Sunday, July 28, 2013

What I've Read This Week

What I've Read This Week . . .

The Melendy Family written and illustrated by Elizabeth Enright -- Children's Classic/Historical Fiction

This omnibus edition contains three books about the charming Melendy family: The Saturdays; The Four Story Mistake; Then There Were Five. In The Saturdays we are introduced to the Melendy family. There's an often absent but loving father; a strict but kind housekeeper/cook/nanny, and of course the children: Thirteen-year-old Mona who is going to be an actress; Twelve year old Rush, a piano prodigy who wants to make music AND be an engineer; Randy (Miranda) age 10 1/2, who dances like a fairy and wants to be both an artist and a dancer; Olivier, age 6, thoughtful and determined. Bored with their ordinary lives, the Melendys decide one rainy Saturday afternoon to pool their resources to give each of them a chance of experience a day of doing something they had always dreamed of.  In The Four Story Mistake, the Melendys move to the country. There's a war on and everyone must do
his or her bit to help out. In addition, there's the new house and surroundings to explore, new friends to make and a new school. Then There Were Five concludes the Melendy family saga. You can probably guess what you think is going to happen but you have to read the books to know for sure. The places the children go and people they meet will change their lives forever. I simply adored these stories. I didn't want them to end. I loved the eccentric Melendy family. The children are so real and their adventures are very ordinary yet they seem magical because the children take such delight in them. I felt fully immersed in their world and part of the family. Any kid would love to be a Melendy. Some of their adventures are a bit
far fetched and they're never punished for not behaving quite as they ought. I'm not a parent, so I don't worry about that sort of thing, especially since the Melendys all have a strong conscience that tells them when they're not doing something Cuffy would approve of. They're all thoughtful and caring individuals and they enrich many people's lives, including the reader. Even though the stories were written in the 1940s, they still feel fresh and exciting. There are a few spots that reflect attitudes of the day but nothing major stood out. I can't believe I never read these books as a kid, especially since I liked Thimble Summer a lot. These are books for the keeper shelf if you can find them.

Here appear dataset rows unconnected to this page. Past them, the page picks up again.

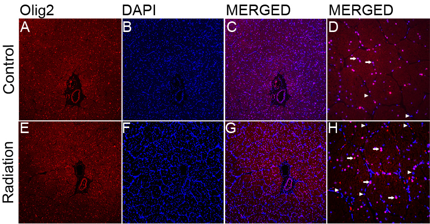 using fluorescence microscopy. Overlay images demonstrate Olig2 and DAPI double positive cells. The cells positive for Olig2
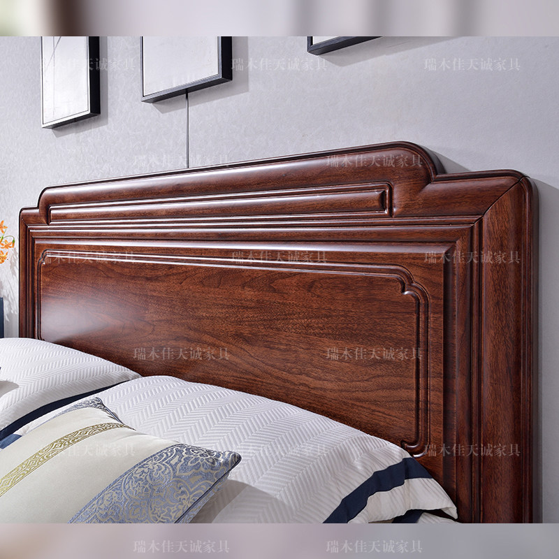 实木床现代简约胡桃木主卧1.5米双人床1.8米主卧轻奢婚房双人床
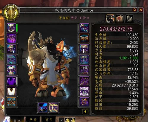 装等270,5件套穿齐,审判橙护腕,团结橙腰带,饰品部位带了一个被动pvp急速单纯凑绿字的,另一个带溅血作为白板为了不影响测试。
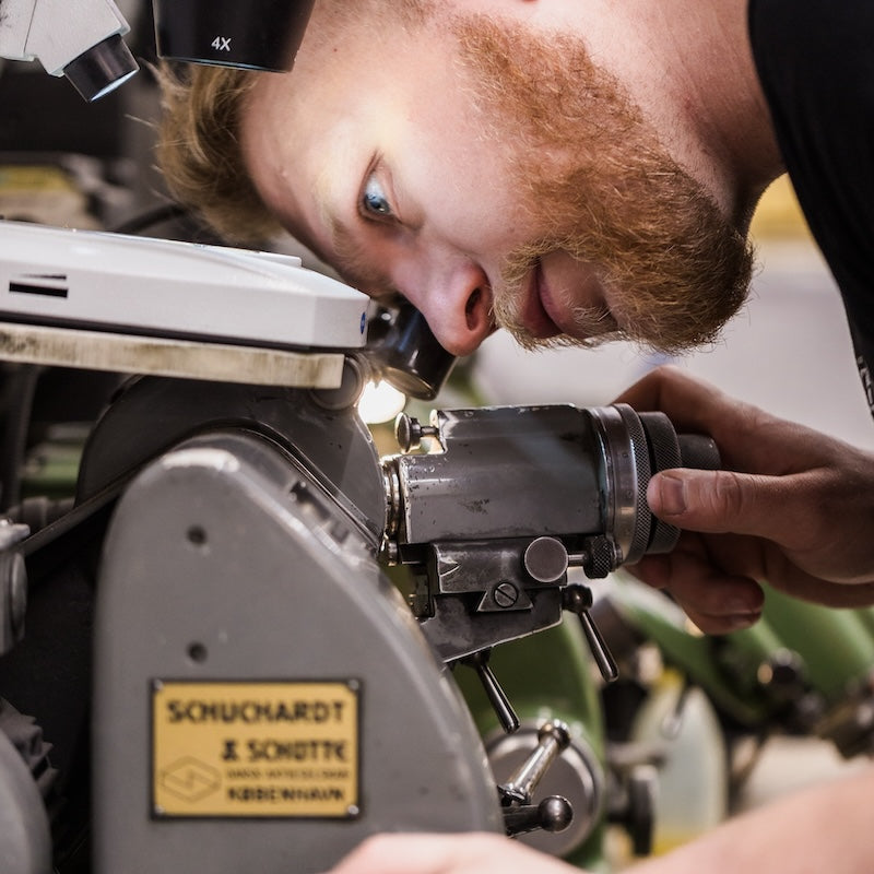 316L stainless steel case, CNC milled north of Copenhagen with tolerances down to a micron (a thousandth of a millimetre or about the same size as a bacteria). The case has received our new "skeleton framing" decoration, with matte micro-blasted recesses. As with all our watches, the case features our signature "Pentablock" crown, which is shaped to follow the form of the case perfectly.
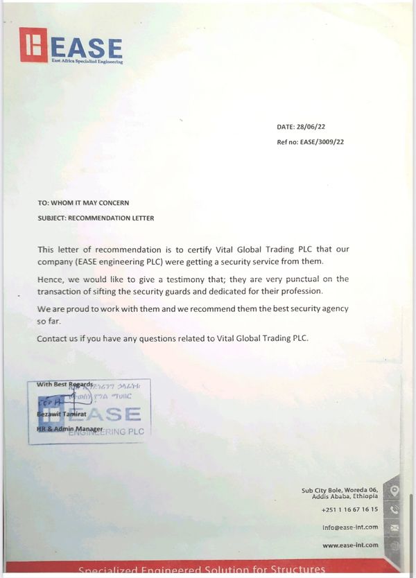 At Vital Security, our vision is to become the most trusted and reliable security provider in ethiopia We believe that every business deserves to feel secure and protected from any
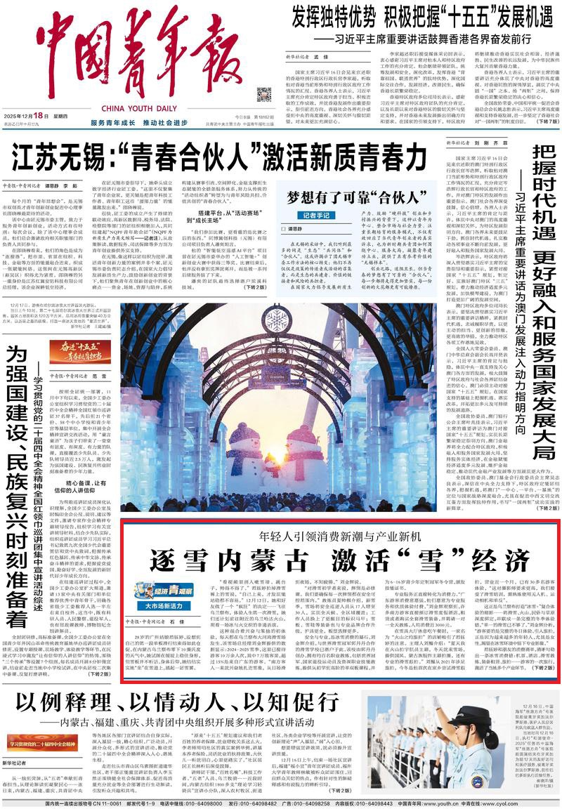 2025年12月18日《中國青年報》第1版刊發(fā)了《大市場新活力 年輕人引領(lǐng)消費新潮與產(chǎn)業(yè)新機 逐雪內(nèi)蒙古 激活“雪”經(jīng)濟(jì)》的文章,報道了烏蘭察布大河灣滑雪場是打造“冰雪+”復(fù)合體驗的縮影——將滑雪、火山、民俗與草原深度綁定,串聯(lián)成一條完整的冬季體驗鏈。
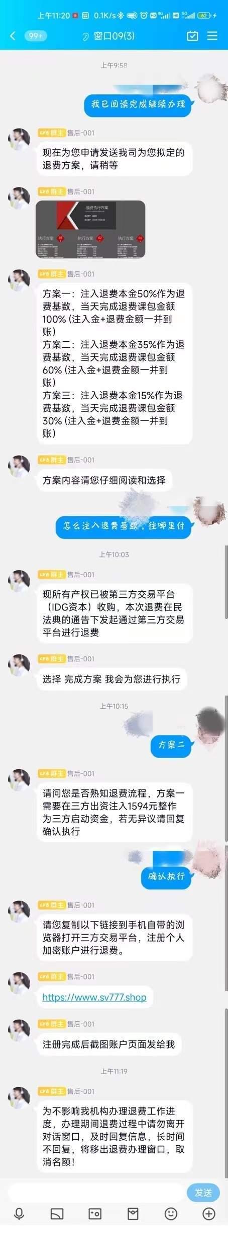 此时,小南已大概率确认对方是骗子了。他想试试看最后能到哪一步,于是,他选择了“注入退款本金的35%”的方案二,并给客服发送了确认执行。“客服”发给他一个网站,要他注册账号,并在该网站的用户咨询页面,要求小南往一个银行户头转账。
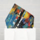 Un chat fantaisiste aux allures de vitraux géométriques se dresse dans une forêt de bouleaux très animée. L'arrière - plan présente un mélange coloré de feuilles d'automne et de tons bleus et jaunes. Photoshop Art numérique

Parlor Games by Maryka Biaggio -- Historical Fiction

This book is difficult to summarize. It starts in 1917 while the protagonist May is in court, being sued by her former friend Miss Frank Sawyer, Esq, who claimed the "baronness" cheated her out of millions of dollars. May tells her story in her own words, alternating between the court room. Her father's death shattered her happy childhood. After high school, a fling with a local rich boy resulted in a pregnancy scare so May decided to head out to Chicago to find herself a rich husband. Well, her plans didn't work out quite as she hoped and to save herself from starving, she finds employment at a first class bordello. She quickly gains a taste for expensive clothes and jewelry and continues her plot to find a rich husband. One bad mistake lands the Pinkerton detective Reed Doughtery after her. May's further adventures take her around the world and from wealthy friend to wealthy friend before she ends up in the court room. Is she an innocent girl trying to help her family or is she a hardened swindler? You decide based on her testimony. I found it extremely hard to like May. She continually makes bad decisions. She says she wants to help her mother but she's truly helping herself to the riches she desires. She seems to take after her father. I don't like Frank very much either. She is also a manipulator and a swindler. She's ruthless and will stop and nothing to get what she wants. None of the other characters who flit in and out of May's life are all that appealing either. May puts her trust in the wrong people. The plot plods along with many many lengthy descriptions of where May is going, who she's speaking to and what's happening yet the events of the 1910s where she traveled with Frank are barely touched on! The lawyers keep alluding to events that happened but we never get to see them from May's point-of-view. I wish the beginning and middle were shorter and the end longer. I was surprised by the conclusion but yet not surprised. The author did a considerable amount of historical research and includes period details about fashion, travel, cultural activities and social life but world events take a back seat to the main plot. The book needs some postcards and photographs to really enhance the novel. I didn't love the book but I didn't hate it either. Since I found it difficult to like May, I felt little sympathy for her so the story didn't really resonate with me.